Angelfish are equipped with solid preopercle spines, which are found on the lower portion of both gill covers. They are members of the Pomacanthidae family – “Poma” meaning “Cover” and “akantha” meaning “thorn”. Those spines, although a beautiful distinguishing feature, almost never fail to get tangled in aquarium fish nets, so when catching them, it’s strongly recommended to heard them into a transparent plastic container and gently lift them out of the aquarium.

Saltwater angels typically inhabit shallow tropical reefs of the Atlantic, Indian and Western Pacific Oceans. It’s the Western Pacific, however, that is home to the majority of species. Pomacanthidae angelfish consist of 9 genera, within which exist close to 90 different species.


The genus Centropyge (dwarf angelfish), for the most part, are fish that do not grow beyond 3 to 4 inches in length. Some of the species can easily be kept in aquariums as small as 15 gallons, and will generally adapt to aquarium life easily and be accepting of various frozen foods. They are a colourful group, with some species as stunning and vibrant as any other marine fish one could think of. In fact, I would challenge anyone to find a fish that pops more than a nice flame angel.

The genuses Pygoplites, Apolemichthys, Chaetodontoplus, Genicanthus are within the mid-sized group, and contain the species that need to be housed in aquariums from 60 to 120 gallons. This group contains some fascinating specimens, in particular, the Regal Angel (P. Dicanthus) and the Goldflake Angel (A. Xanthopunctatus). Without a doubt, the Regal angel can be kept in reef aquariums with a certain amount of risk but are well worth it. There is very little risk, however, when kept in SPS tanks.

The genuses Pomacanthus and Holacanthus are large marine angel fish that demand big aquariums – nothing less than 100 gallons but preferably in the 200 to 300 gallon range. Obviously these fish command a sizable commitment in terms of expense, space and time, but it’s difficult to capture in words just how magnificent an Emperor Angel (Pomacanthus imperator) can look in a 250 gallon SPS coral reef tank.

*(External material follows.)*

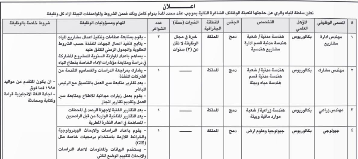 84960-- وظائف شاغرة في سلطة المياه - تفاصيل :: صوت عمان الإخباري
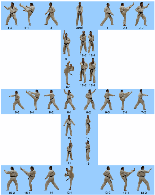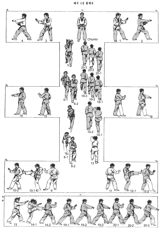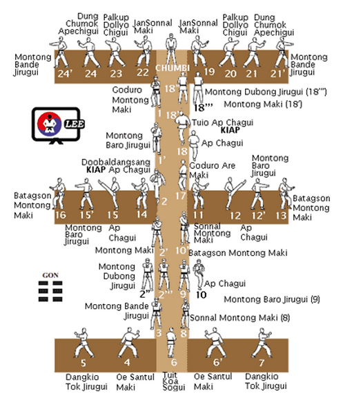 Este es el último de los 8 Poomsae Taeguk, con el cual los aprendices pueden acceder a experimentar la prueba de promoción a 1er Dan/Poom.

If you want to enjoy marine angels to their fullest potential, you’ll ideally need a well-established aquarium with:

  • Reef-quality water and strong movement
  • Live rock and caves
  • Hardy coral or SPS coral
  • An effective protein skimmer
  • A quality reef-capable marine mix
  • A regular partial water change schedule
  • A diligent feeding regimen

I may not be a gambling man, but I would certainly recommend you take a chance on a logical, low risk marine angel any day of the week. They are just too colourful, interesting and captivating not to keep. I’ve kept an Arabian angel (Pomacanthus asfur) in a very nice 100 gallon SPS reef tank at home for quite some time now, and while he’s picked on a new piece of hard coral on occasion, it’s nothing that can’t be easily handled by diverting his attention with a feeding of his favorite food.